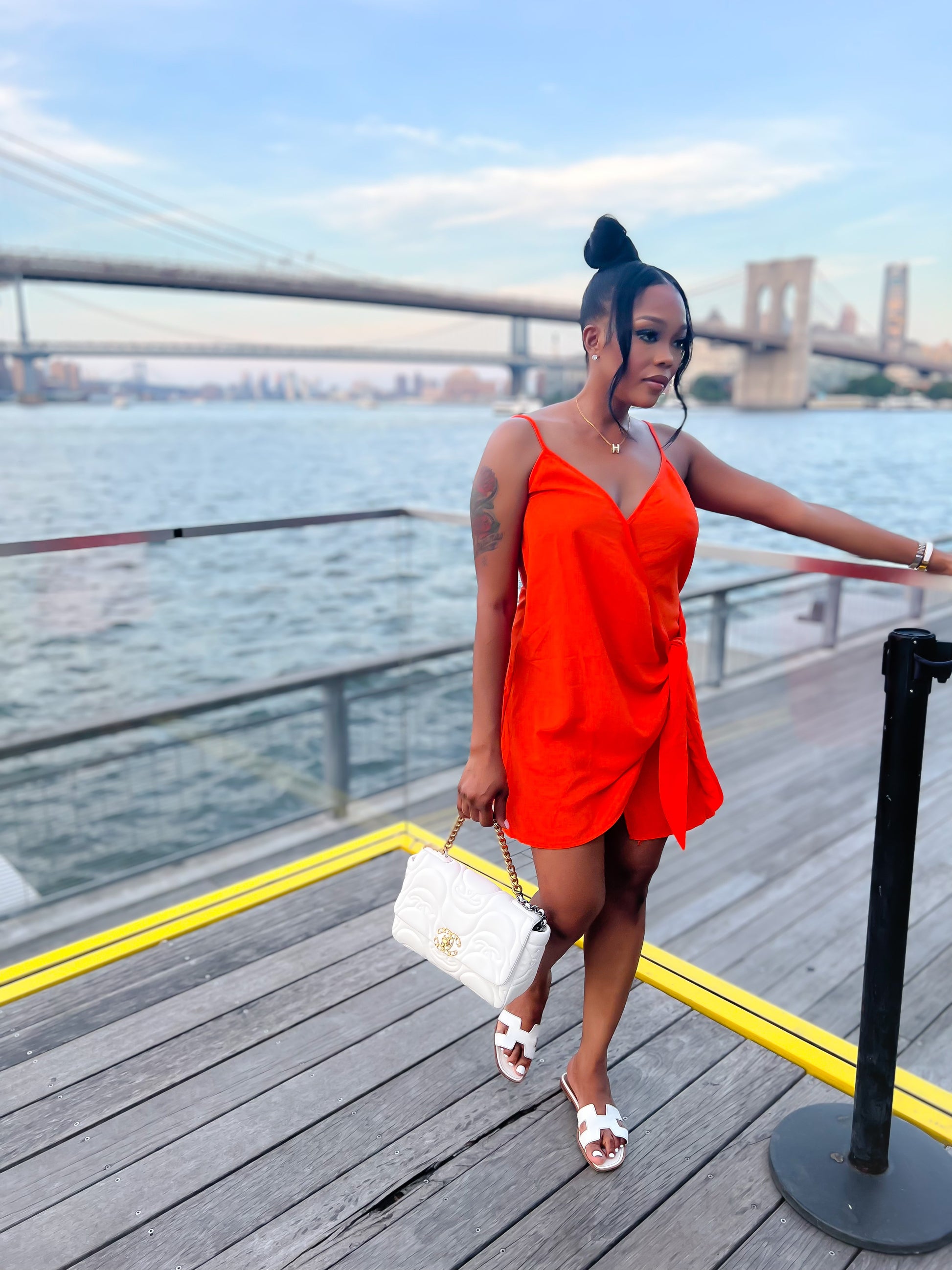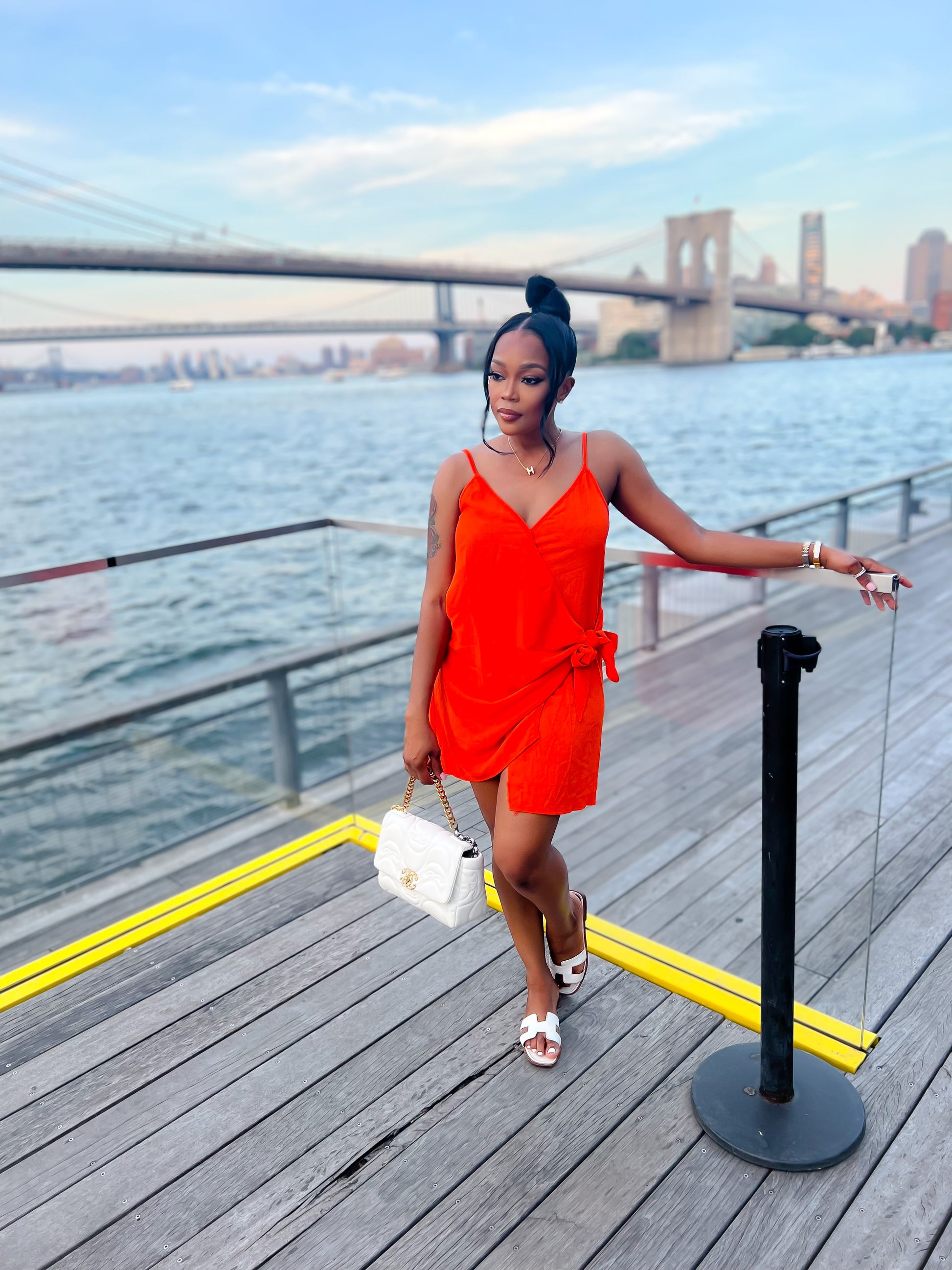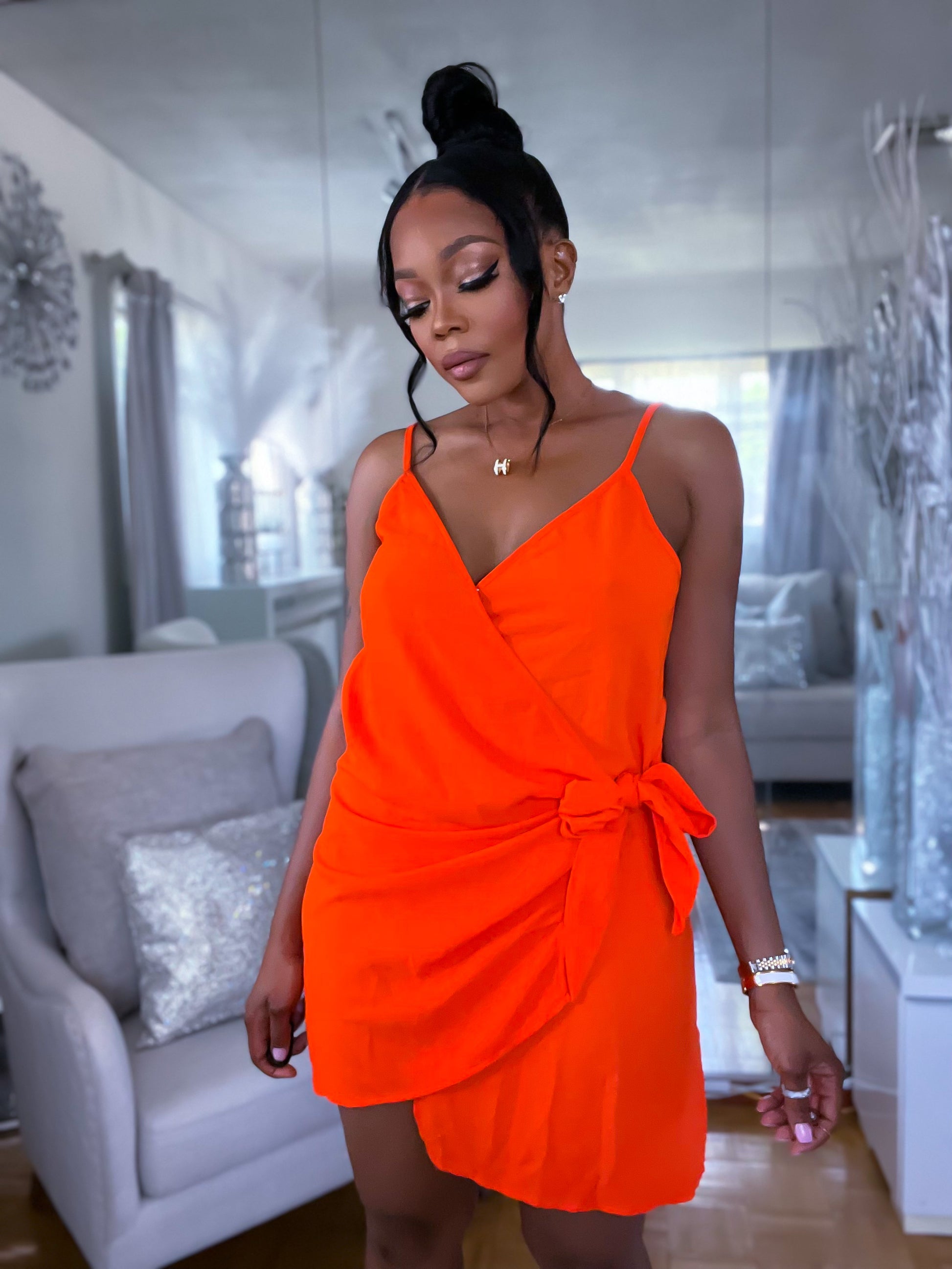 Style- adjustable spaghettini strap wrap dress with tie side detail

--

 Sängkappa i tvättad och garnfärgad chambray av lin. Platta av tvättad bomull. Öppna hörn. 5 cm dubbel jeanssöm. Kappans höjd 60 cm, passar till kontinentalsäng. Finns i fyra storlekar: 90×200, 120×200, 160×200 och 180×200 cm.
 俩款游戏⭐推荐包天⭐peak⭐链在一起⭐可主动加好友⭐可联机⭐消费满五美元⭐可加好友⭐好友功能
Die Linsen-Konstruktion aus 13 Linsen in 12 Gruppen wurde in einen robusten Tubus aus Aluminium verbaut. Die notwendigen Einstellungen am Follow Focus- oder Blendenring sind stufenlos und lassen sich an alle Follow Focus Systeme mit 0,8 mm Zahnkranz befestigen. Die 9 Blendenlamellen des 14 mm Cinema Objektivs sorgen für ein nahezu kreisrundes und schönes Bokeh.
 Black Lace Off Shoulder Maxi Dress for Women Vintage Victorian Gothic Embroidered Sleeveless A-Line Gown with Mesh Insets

#### Your instructions
Give back the records above exactly, limited to the lines between the one holding "俩款游戏⭐推荐包天⭐peak" and the one holding "Die Linsen-Konstruktion aus", inclusive.

#### Answer space
 俩款游戏⭐推荐包天⭐peak⭐链在一起⭐可主动加好友⭐可联机⭐消费满五美元⭐可加好友⭐好友功能
Die Linsen-Konstruktion aus 13 Linsen in 12 Gruppen wurde in einen robusten Tubus aus Aluminium verbaut. Die notwendigen Einstellungen am Follow Focus- oder Blendenring sind stufenlos und lassen sich an alle Follow Focus Systeme mit 0,8 mm Zahnkranz befestigen. Die 9 Blendenlamellen des 14 mm Cinema Objektivs sorgen für ein nahezu kreisrundes und schönes Bokeh.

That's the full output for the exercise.